Friday, March 7, 2008

Journal entry# 36 Charlotte Perkins Gilman

Siu Faat Jimmy Wong
English 48b
March 7, 2008
Professor Lankford

Quote:

I don’t like to look out of the windows even—there are so many of those creeping women, and they creep so fast. I wonder if they all come out of that wall-paper as I did?

Summary:

It is found in the end of the story. It explains what the narrator sees outside her room.

Response:

After the narrator has torn down most of the yellow wallpaper, she thinks that the woman inside the wall is now free. She can come out eventually. However, when I am reading this part, I ask, “So where is the freed woman?” Indeed, the woman in the wall has already combined with the narrator. They have become one unit. Instead of thinking it as a horror story, I think that the woman in the wall is an image of the narrator. Since the narrator always creeps in the room, she sees that the shadow also always creeps in the wall. Gilman wants to use the shadow on the wall to explain the hopelessness and weakness of the narrator that she cannot help herself out in that situation.

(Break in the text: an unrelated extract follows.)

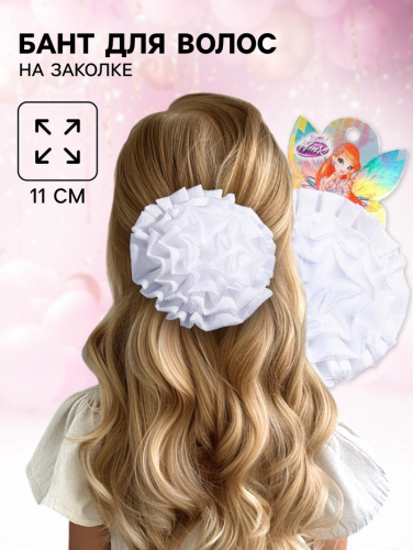 Праздничный бант для девочек от 3 лет. Изготовлен из многослойного белого тюля с мелкими блёстками и декоративной розой в центре. Крепится на эластичную резинку — удобно и надёжно. Подходит для повседневного использования, праздников и фотосессий. В упаковке — изображение героини из мультсериала.

Why the women are always creeping? I think that Gilman wants to use “creeping” to explain that the women have no difference with infants. Since infants do not have power to stand up and walk, they always have to creep. Similar to women, they do not have the “power” to stand up. They will never have full development. The “power” can only be possessed by the men. Only men have the abilities to stand up.

Moreover, in another point of view, I think that the women do not have the courage to stand up. If they stand up, they may threaten the social and family positions of the men. Therefore, the men would use his “power” to “cure” them in the method which is similar to what the narrator receives.Furthermore, “those creeping women” outsides the rooms help explain that there are actually many women like the narrator in that time period. Gilman wants to use these women and the narrator to further prove that the narrator is not the exceptional case. It is a common trend in that society. Women are treated as infants. They are always trapped in their houses which have no difference with prisons.